I am a graduate student in physics, and I am working on writing code to sort a few hundred gigabytes of data and return fragments of that data when I ask for it. Here's the trick, I donโt know a good method for sorting and searching for this kind of data.
My data essentially consists of a large number of sets of numbers. These sets can contain from 1 to n numbers inside them (although in 99.9% of sets n is less than 15), and their number is about 1.5-2 billion (unfortunately, this size excludes brute force search).
I need to specify a collection with k elements and every collection with k + 1 elements or more that contains the specified subset returned to me.
A simple example:
Suppose I have the following sets for my data:
(1,2,3)
(1,2,3,4,5)
(4,5,6,7)
(1,3,8,9)
(5,8,11)
If I were to give the query (1,3), I would have the sets: (1,2,3), (1,2,3,4,5) and (1,3,8,9).
Request (11) will return the set: (5,8,11).
The query (1,2,3) will return the sets: (1,2,3) and (1,2,3,4,5)

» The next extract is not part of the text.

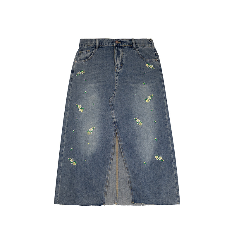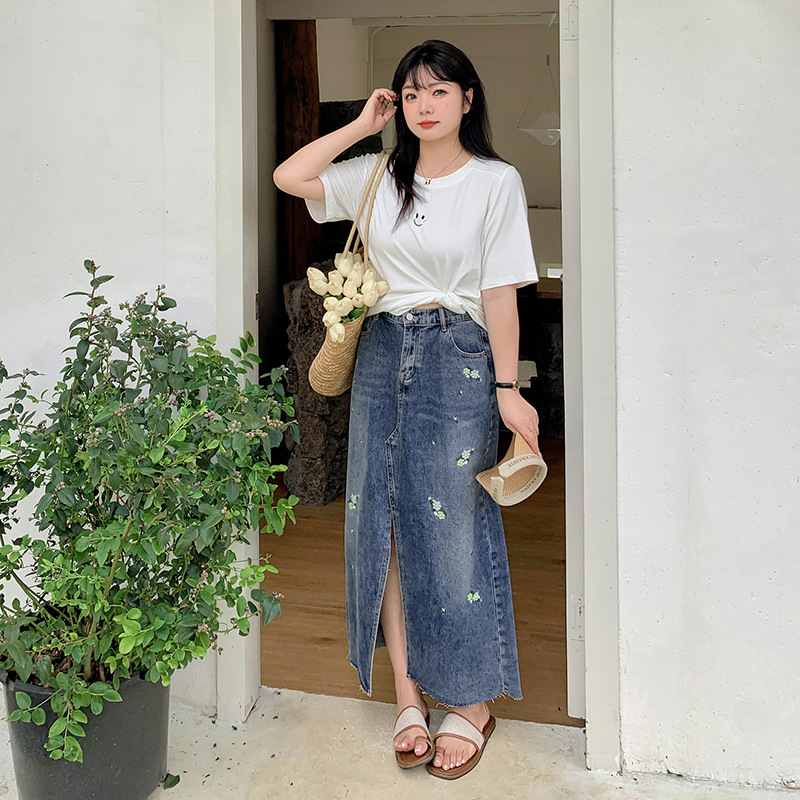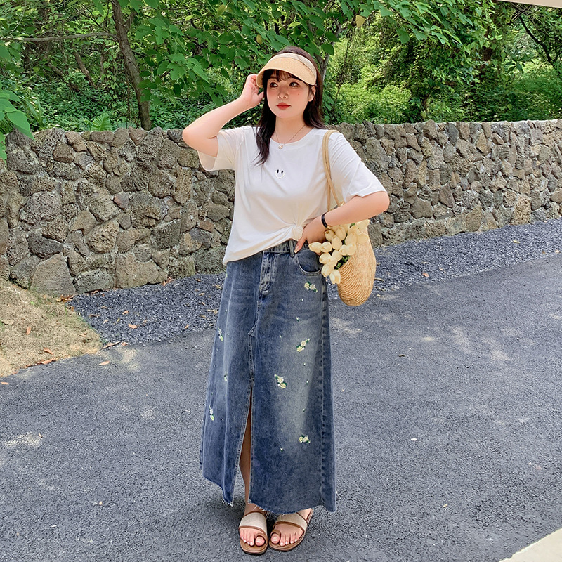 | nameOriginal | Double day 2024 new chubby girl plus size women's summer 200kg retro embroidered front split Denim overskirt ST1673 |

Query (50) did not return any sets:
Currently, the template should be clear. The main difference between this example and my data is that the sets with my data are larger, the numbers used for each element of the sets are from 0 to 16383 (14 bits), and there are many many other sets.
If this is important, I write this program in C ++, although I also know java, c, some assemblies, some fortran and some perl.

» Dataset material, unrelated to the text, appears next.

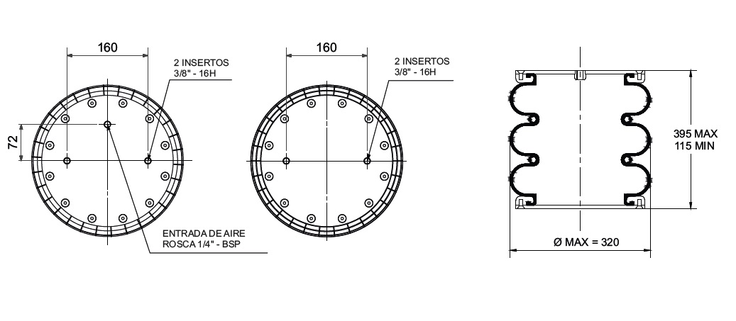CAMARA DE AIRE TRILOBULAR TIPO 4 - C/INSERTOS 8MM (SUP) - INSERTOS 8MM (INF.)

Does anyone have any tips on how to do this?
edit:
To answer a couple of questions and add a few points:
1.) Data does not change. All this was taken in one long set of runs (each is divided into 2 gigabytes).
2.) As for the storage space. The source data is about 250 gigabytes. I estimate that after processing and removing a large number of extraneous metadata that do not interest me, I could bring down this place anywhere from 36 to 48 gigabytes, depending on how much metadata I decide to save (without indexes). Also, if in my initial data processing I come across enough sets that are the same, I could add the data again by adding counters for repeated events, rather than just repeating the events over and over again.

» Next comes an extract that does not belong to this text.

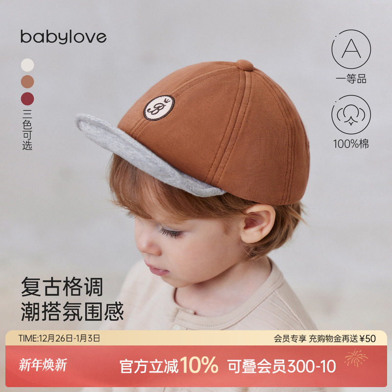 babylove婴儿帽子春秋纯棉鸭舌帽宝宝软檐帽百搭户外运动棒球帽子
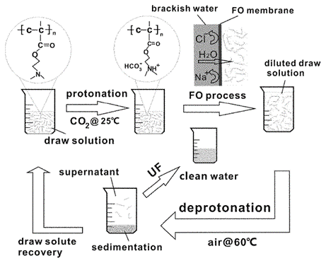 The present technology introduces a draw solute specifically designed for forward osmosis, integrating carbon dioxide and responsive structural units. This composition enables the solute to respond efficiently to changes in environmental conditions, switching between a protonated state and a deprotonated state as needed. This feature makes the draw solute highly effective and reusable within the forward osmosis membrane process.

3.) Each number in the processed set actually contains in LEAST two numbers 14 bits for the data itself (detected energy) and 7 bits for metadata (detector number). Thus, I will need at least three bytes per number.
4.) My "although in 99.9% of the sets, n is less than 15," the comment is misleading. Having previously looked at some pieces of data, I found that I have sets that contain up to 22 numbers, and the median is 5 numbers per unit, and the average is 6 numbers in the set.
5.) Although I like the idea of โโcreating a pointer to file pointers, I am a little cautious because for queries containing more than one number, I remain with the slow task (at least I think it is slow) to find the set of all the pointers common for lists, i.e. search for the largest common subset for a given number of sets.
6.) As for the resources available to me, I can collect about 300 concerts after I have the initial data in the system (the rest of my quota in this system). The system is a dual-processor server with 2 quad-core processors and 16 gigabytes of RAM.
7.) Yes 0 can happen, this is an artifact of the data collection system when this happens, but it can happen.